Our close season Width of a Post ‘Midweek Player Focus – Close Season Special’ series has arrived back in 2004/05, as Jason McKeown reflects on the local hero who came of age.
On a corner, by a road junction, next to the train station in Shipley, there is an estate agents named Hamilton Bower. Its website carries the tagline “local people selling local houses”, and the photo of the two partners features one local person very familiar to Bradford City supporters.
It is Mark Bower, still only 32-years-old, who made 325 Football League appearances for four different Football League clubs. Who, for a period, was captain of his hometown team, Bradford City. Who was a key figure as the club struggled to emerge from the dark days of double administration. Who in 2004/05 was crowned the Bantams’ Player of the Season after an ever present campaign featuring some outstanding performances. Just 32. By rights, he should have another five years professional football in him and be playing for as long as his mentor, David Wetherall. Just 32, and he’s selling houses.
Of course Bower is not yet finished as a footballer – you’ll find him at Nethermoor every other Saturday, doing the business for Guiseley, two divisions below City. And if he really wanted to, I’m sure Mark could still be a full time professional. Running an estate agency business could only work by opting to play part time. But still, 32. There was surely plenty of time for all that.

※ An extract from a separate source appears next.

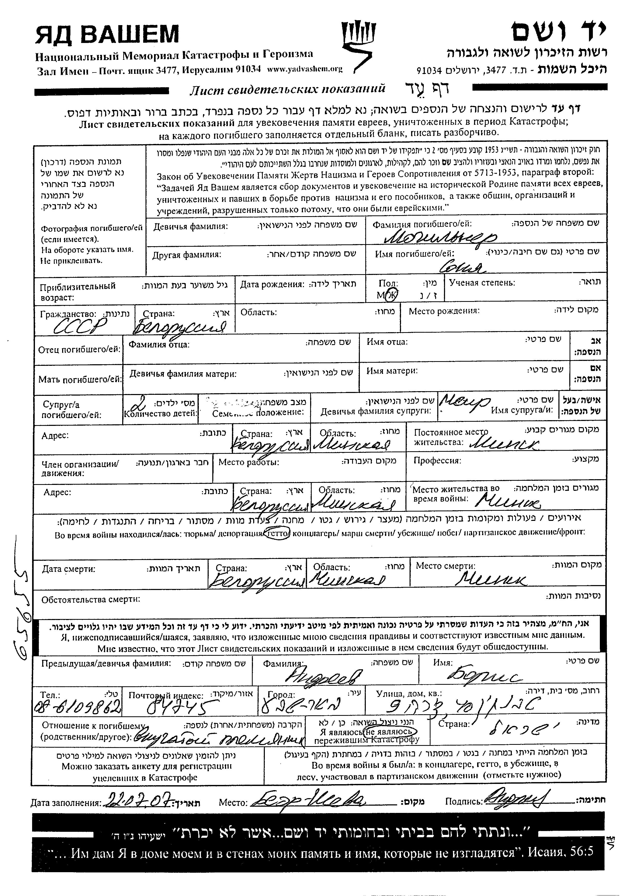 Sonya Mogilner wurde in Weißrussland (UdSSR) geboren. Sie war Verheiratet. Vor dem Zweiten Weltkrieg lebte sie in Minsk, Weißrussland (UdSSR). Während des Krieges war sie in Minsk, Weißrussland (UdSSR).

“Local people selling local houses”. Previously, Bower was a local hero to a community. Bower’s City career had in truth not started too positively; his debut for the club coming as long ago as April 1998 at Carrow Road. As Bradford City challenged for and achieved a place in the Premier League, a teenage central defender was never going to get into the side and spent much of the two years that his club was amongst the elite playing on loan for York City in the basement league. Had City established themselves in the Premier League, Bower would have no doubt been released in time, rarely thought of ever again.
But as City slumped and financial woes began to take hold, there was suddenly a place for Bower after all. He emerged as a regular fixture at the back end of the 2001/02 season, and made 39 appearances the year after – the first post-administration campaign. A daft season (2003/04, relegation to League One), where managers Nicky Law and Bryan Robson somehow considered Jason Gavin a more favourable option to Bower, aside, he had made it at last.

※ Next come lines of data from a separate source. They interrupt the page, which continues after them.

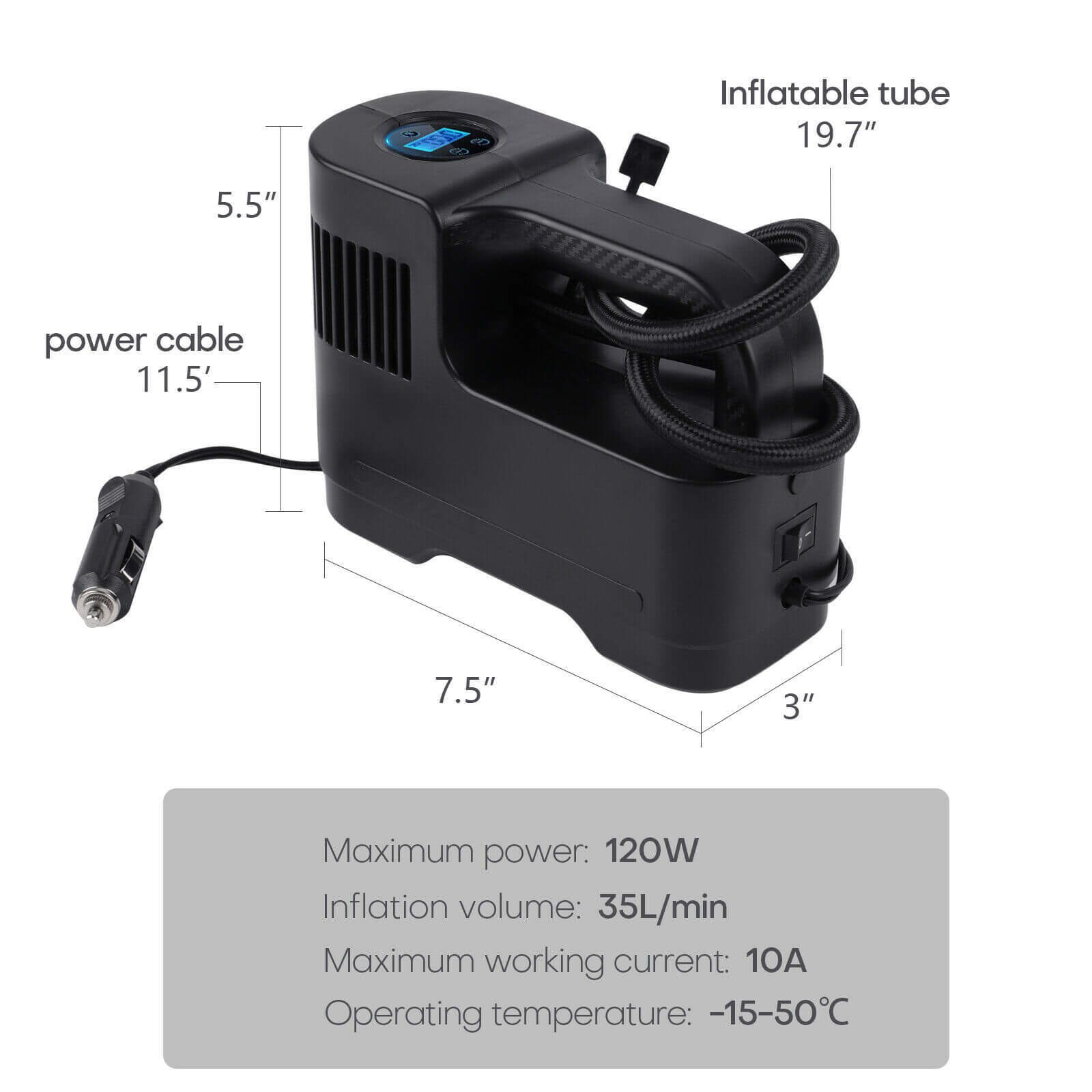 Simply plug DC 12V car cigarette connector into the 12V power outlet in your car and attach the hose to the tire, set the tire pressure value, and then press the switch, it will start to inflate.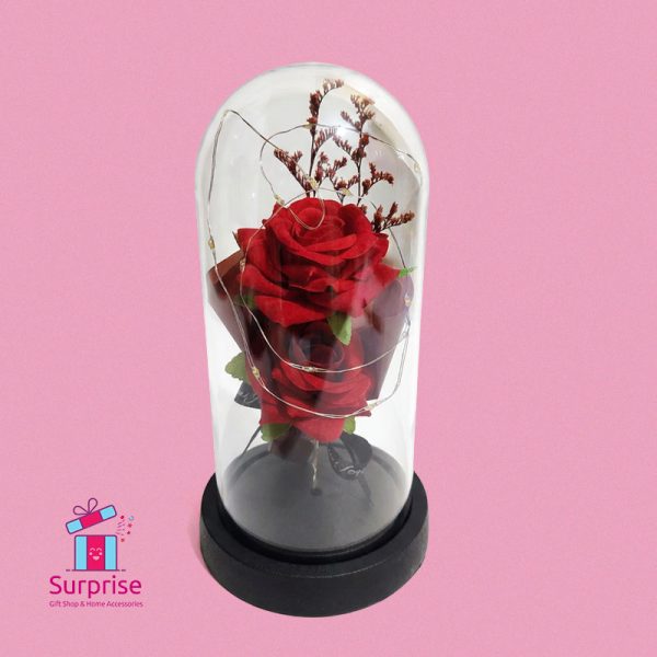 • Material: Artificial Rose, Glass Dome, Plastic Base, LED Lights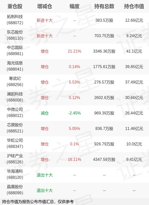 证券之星消息,1月22日嘉实基金旗下田光远管理的嘉实上证科创板芯片交易型开放式指数基金公布年报,近1年净值增长率88.46%。与上一季度相比,该基金前十大重仓股新增拓荆科技,东芯股份;并对中芯国际增仓585.46万股,为该基金第一大重仓股;华海清科,晶晨股份等退出前十大重仓股;详细数据如下: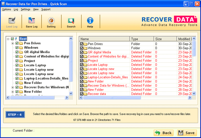 After Complete the Scaning, Recover Data for Pen Drives presents a directory tree of all recovered files/folders as follows: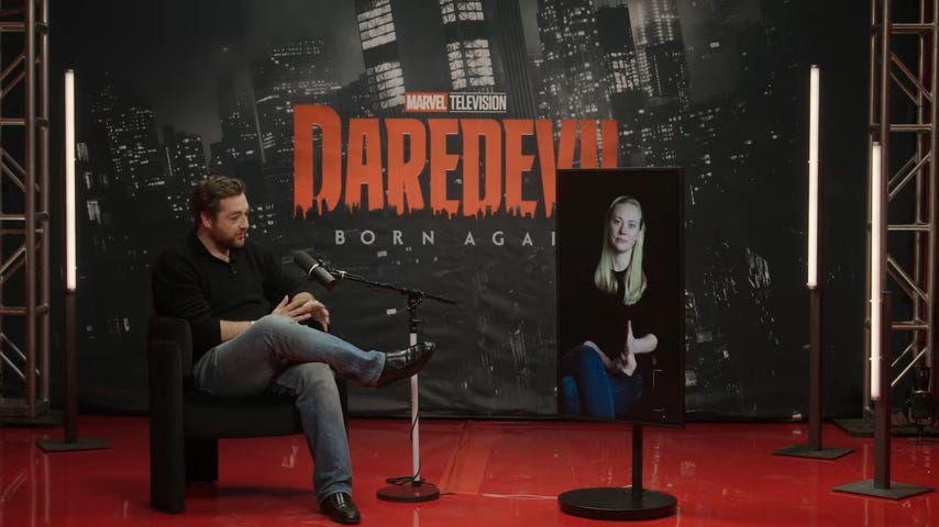 Bracketing the AVTF-ICE parallel, there are other symbolic parallels in Born Again’s second season. The Born Again Official Podcast’s companion to “Shoot the Moon” has Deborah Ann Woll, who plays Karen Page, discussing the character motivations with Michael Gandolfini, who plays Daniel Blake. Woll says: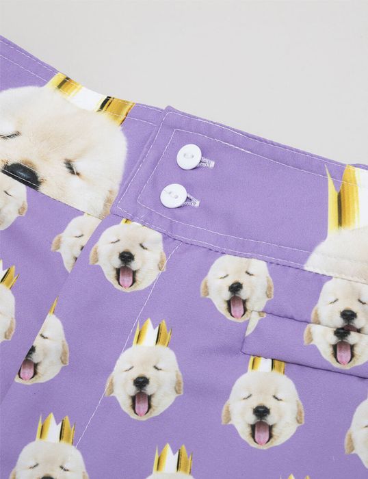 Your face beach shorts are digitally printed using a method which bonds the inks to the fibers of the fabric. This fabric is then hand-cut, stitched and finished. All of this is done in our studio making your beach shorts with faces on a handmade sight to behold.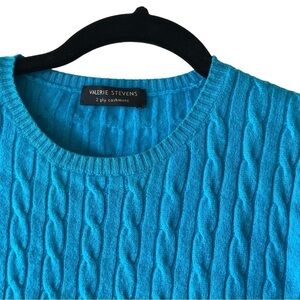 Valerie Stevens Cashmere Pullover Sweater Women XS Turquoise Cable Knit

Which brings us to his personal crowning of glory, 2004/05. Administration Two had arrived the February before, threatening to close the club forever once more. City eventually survived some extremely close calls, but the state of the club which crawled up to the starting line for this season was not great. We needed some inspirational players to carry us and stem the decline – the quartet of Paul Henderson, David Wetherall, Dean Windass and Bower in particular provided that.
Gavin was still around, but newly installed manager Colin Todd was not for making the same foolish mistakes as his predecessors when choosing his two central defenders. Bower in the past had stood in for Wetherall when the City skipper was injured, but now the two would become the backbone of the club and enjoy an outstanding season.
A quick word here, first of all, about Windass. In 2004/05, City’s 4th highest goalscorer of all time netted a career-best 28 goals for the club. He was sensational that season, scoring some truly remarkable goals while we fans hero worshipped him. Come the Player of the Season awards dinner for this season, you can imagine Windass turned up with a thank you speech folded up inside his pocket. He seemed such a shoe-in to win the award.
Instead it went to Bower, and although he was a strong candidate and deserving of recognition, for Windass to be overlooked seems curious when you reflect back. Perhaps it says a great deal about what we City supporters value most of all – a good defender. Indeed, looking back at the player of the season award winners for the past 15 years, it is remarkable that 7 were defenders (3 strikers, 4 midfielders and 1 goalkeeper make up the rest).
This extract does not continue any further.